README_EN.md

comments	difficulty	edit_url	tags
true	Medium	https://github.com/doocs/leetcode/edit/main/solution/0400-0499/0454.4Sum%20II/README_EN.md	Array Hash Table

454. 4Sum II

中文文档

Description

Given four integer arrays nums1, nums2, nums3, and nums4 all of length n, return the number of tuples (i, j, k, l) such that:

• 0 <= i, j, k, l < n
• nums1[i] + nums2[j] + nums3[k] + nums4[l] == 0

 

Example 1:

Input: nums1 = [1,2], nums2 = [-2,-1], nums3 = [-1,2], nums4 = [0,2]
Output: 2
Explanation:
The two tuples are:
1. (0, 0, 0, 1) -> nums1[0] + nums2[0] + nums3[0] + nums4[1] = 1 + (-2) + (-1) + 2 = 0
2. (1, 1, 0, 0) -> nums1[1] + nums2[1] + nums3[0] + nums4[0] = 2 + (-1) + (-1) + 0 = 0

Example 2:

Input: nums1 = [0], nums2 = [0], nums3 = [0], nums4 = [0]
Output: 1

 

Constraints:

• n == nums1.length
• n == nums2.length
• n == nums3.length
• n == nums4.length
• 1 <= n <= 200
• -228 <= nums1[i], nums2[i], nums3[i], nums4[i] <= 228

Solutions

Solution 1: Hash Table

We can add the elements $a$ and $b$ in arrays $nums1$ and $nums2$ respectively, and store all possible sums in a hash table $cnt$, where the key is the sum of the two numbers, and the value is the count of the sum.
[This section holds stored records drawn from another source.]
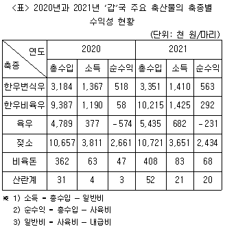다음 <표>는 2020년과 2021년 '갑'국 주요 축산물의 축종별 수익성 현황에 관한 자료이다. 이에 대한 설명으로 옳은 것은?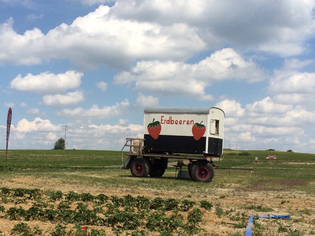 Für Eilige gibt es auch bereits feldfrisch gepflückte Freiland-Erdbeeren direkt am Erdbeerwagen. Probieren natürlich erwünscht.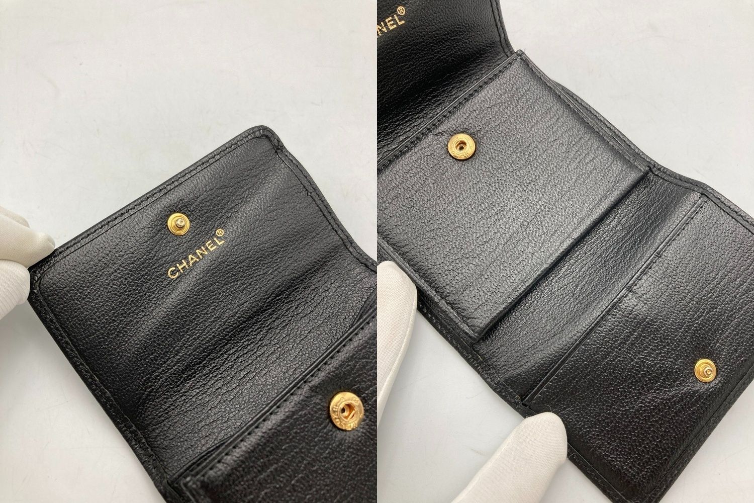 CHANEL シャネル レザー 3つ折り財布 ミニウォレット ブラック レディース D 4
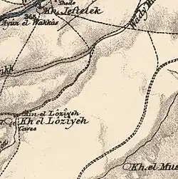 | Etymology: Kh. Wakkâs, the ruin of the man with a broken neck[1] Kh. Lôzîyeh, the ruin of the almond tree[2] | |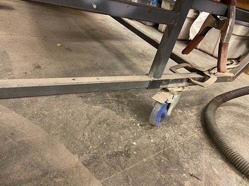 ID:	108219 I used a set of basic swivel dollies from the local hardware store and welded to a u channel that can then slide off and on the rotisserie- just held in place with vice grips for when it is in the air. I think these small ones can hold 500lbs more than enough strength when spread around.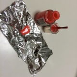 事前に用意したアルミホイルの上に好きなネイルカラーを出し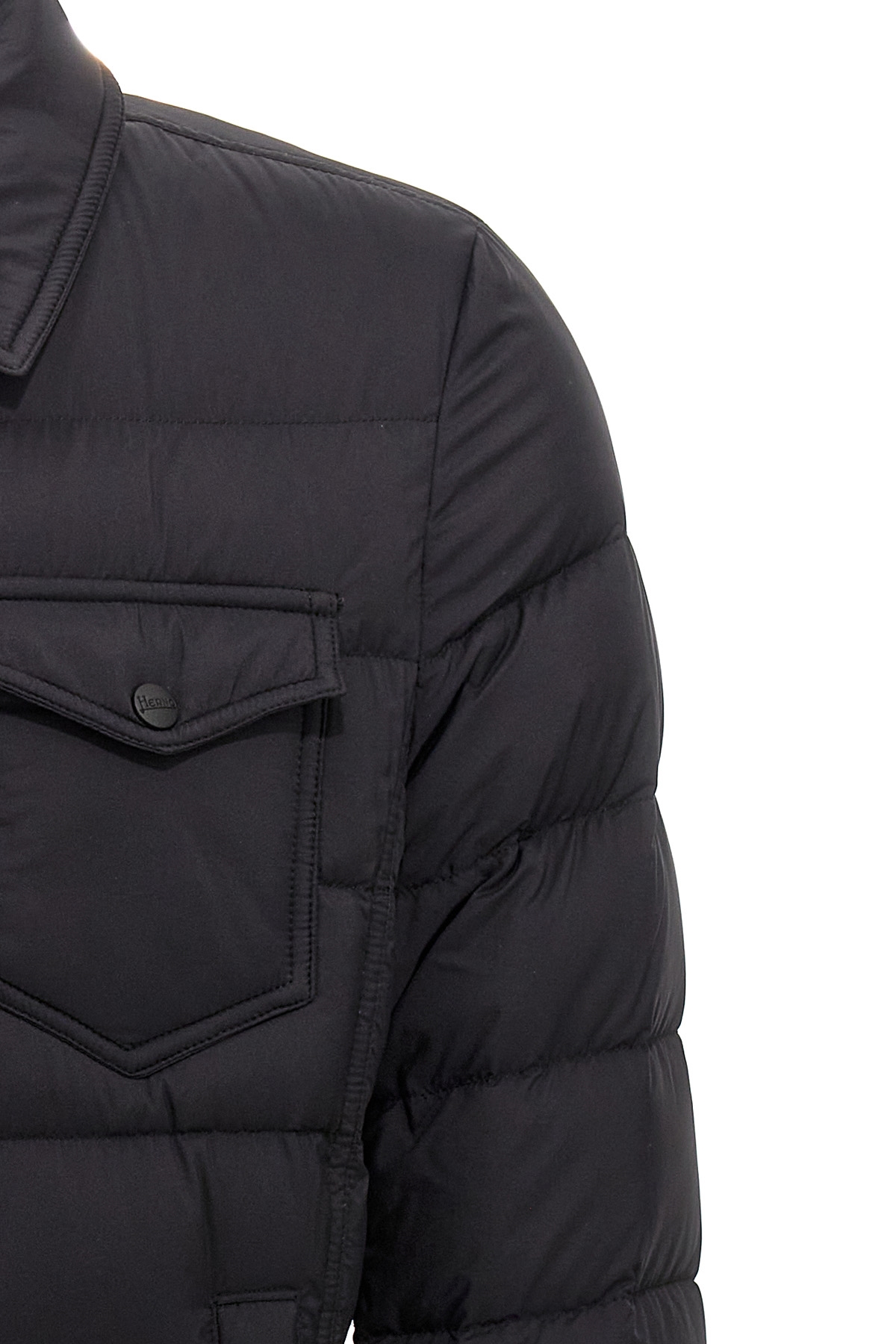'La Denim' down jacket in Nuage 20 denier nylon with goose feather padding, button closure, pockets, long sleeves.

Then we iterate through the elements $c$ and $d$ in arrays $nums3$ and $nums4$, let $c+d$ be the target value, then the answer is the cumulative sum of $cnt[-(c+d)]$.

The time complexity is $O(n^2)$, and the space complexity is $O(n^2)$, where $n$ is the length of the array.

Python3

class Solution:
    def fourSumCount(
        self, nums1: List[int], nums2: List[int], nums3: List[int], nums4: List[int]
    ) -> int:
        cnt = Counter(a + b for a in nums1 for b in nums2)
        return sum(cnt[-(c + d)] for c in nums3 for d in nums4)

Java

class Solution {
    public int fourSumCount(int[] nums1, int[] nums2, int[] nums3, int[] nums4) {
        Map<Integer, Integer> cnt = new HashMap<>();
        for (int a : nums1) {
            for (int b : nums2) {
                cnt.merge(a + b, 1, Integer::sum);
            }
        }
        int ans = 0;
        for (int c : nums3) {
            for (int d : nums4) {
                ans += cnt.getOrDefault(-(c + d), 0);
            }
        }
        return ans;
    }
}

C++

class Solution {
public:
    int fourSumCount(vector<int>& nums1, vector<int>& nums2, vector<int>& nums3, vector<int>& nums4) {
        unordered_map<int, int> cnt;
        for (int a : nums1) {
            for (int b : nums2) {
                ++cnt[a + b];
            }
        }
        int ans = 0;
        for (int c : nums3) {
            for (int d : nums4) {
                ans += cnt[-(c + d)];
            }
        }
        return ans;
    }
};

Go

func fourSumCount(nums1 []int, nums2 []int, nums3 []int, nums4 []int) (ans int) {
	cnt := map[int]int{}
	for _, a := range nums1 {
		for _, b := range nums2 {
			cnt[a+b]++
		}
	}
	for _, c := range nums3 {
		for _, d := range nums4 {
			ans += cnt[-(c + d)]
		}
	}
	return
}

TypeScript

function fourSumCount(nums1: number[], nums2: number[], nums3: number[], nums4: number[]): number {
    const cnt: Record<number, number> = {};
    for (const a of nums1) {
        for (const b of nums2) {
            const x = a + b;
            cnt[x] = (cnt[x] || 0) + 1;
        }
    }
    let ans = 0;
    for (const c of nums3) {
        for (const d of nums4) {
            const x = c + d;
            ans += cnt[-x] || 0;
        }
    }
    return ans;
}

Rust

use std::collections::HashMap;

impl Solution {
    pub fn four_sum_count(
        nums1: Vec<i32>,
        nums2: Vec<i32>,
        nums3: Vec<i32>,
        nums4: Vec<i32>,
    ) -> i32 {
        let mut cnt = HashMap::new();
        for &a in &nums1 {
            for &b in &nums2 {
                *cnt.entry(a + b).or_insert(0) += 1;
            }
        }
        let mut ans = 0;
        for &c in &nums3 {
            for &d in &nums4 {
                if let Some(&count) = cnt.get(&(0 - (c + d))) {
                    ans += count;
                }
            }
        }
        ans
    }
}